I thought this summary from Robert DiClemente at Citigroup was a very good description of where we stand now at the end of a tough week in the stock market (I have added the highlights):
- Renewed risk aversion and eroding liquidity in money and capital markets stemming from events in Europe pose new threats to financial stability necessary for continued U.S. economic recovery.
- Heading into this storm, financial conditions were vastly improved, including signs of a further thawing in tight bank credit.
- Solid private sector payroll gains in recent months reveal a key element of self-sustaining recovery and represent an important milestone for Fed policymakers. A traditional sequence of rising productivity, profits and job growth is poised to bolster overall income gains.
- Plummeting Treasury bond yields suggest that one possible channel of contagion from sovereign debt woes is not operative in the U.S. case and in fact may help buffer some of the drag from a rising dollar.
- Nonetheless, the deterioration in financial markets, if not arrested, would signal a return to subpar growth that could shelve indefinitely further unwinding of extraordinary monetary policy accommodation.
First, the economy is continuing to show signs of economic recovery.

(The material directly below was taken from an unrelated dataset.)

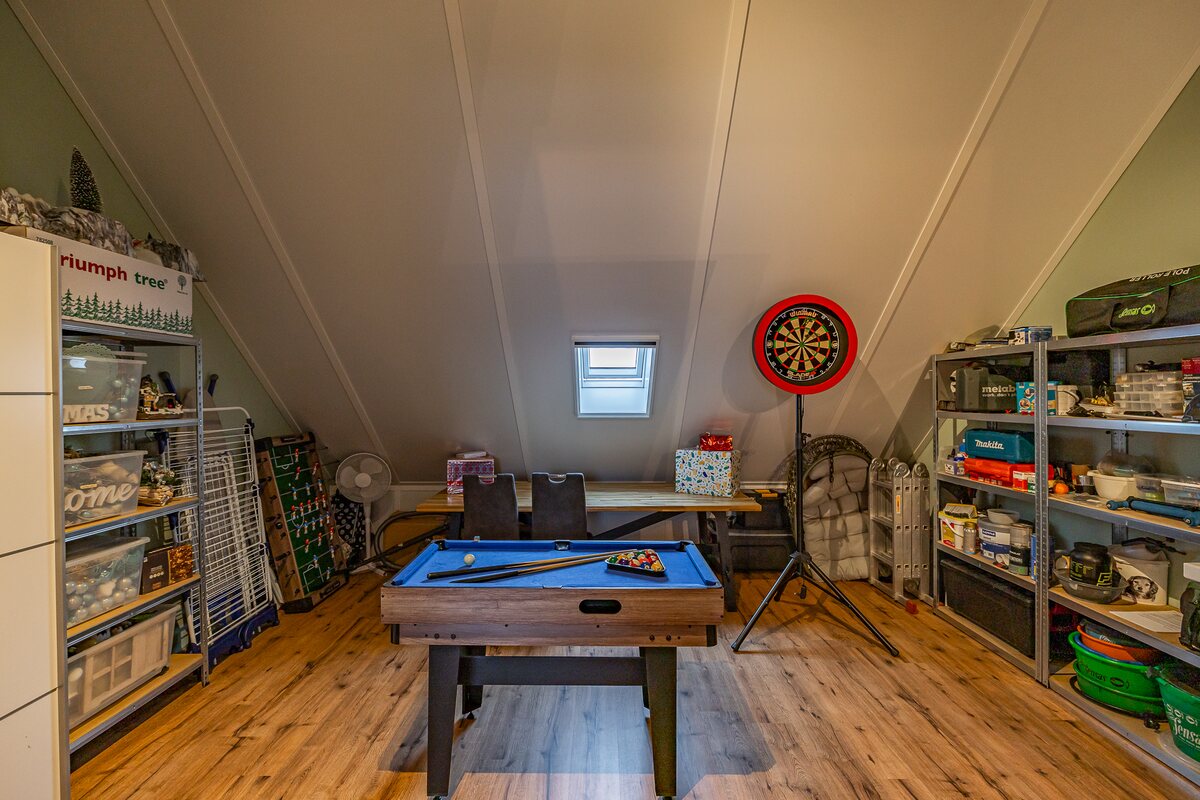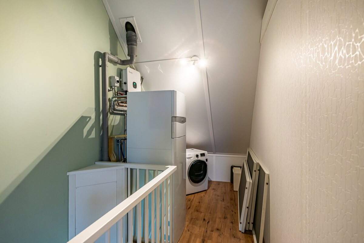 2e verdieping: bereikbaar middels vaste trap: zeer royale zolder met ingebouwde vierde slaapkamer (ca. 10 m2), opstelplaats van de binnen-unit warmtepomp + warmwatervat en de witgoedaansluiting.

Today's jobs report of 290,000 new jobs is another data point confirming this trend.
Second, there is no doubt that the credit markets are spooked by what is going on in the euro block. I don't know what the solution is, but I suspect the end game will probably involve at least Greece dropping out of the euro block.
Finally, I think all of this is very deflationary. I think we will begin to see "beggar thy neighbor" policies adopted by governments desperate for job growth and tax revenue. The dollar will likely strengthen in this scenario, and could actually help our capital markets.
High quality stocks and bonds should continue to be favored.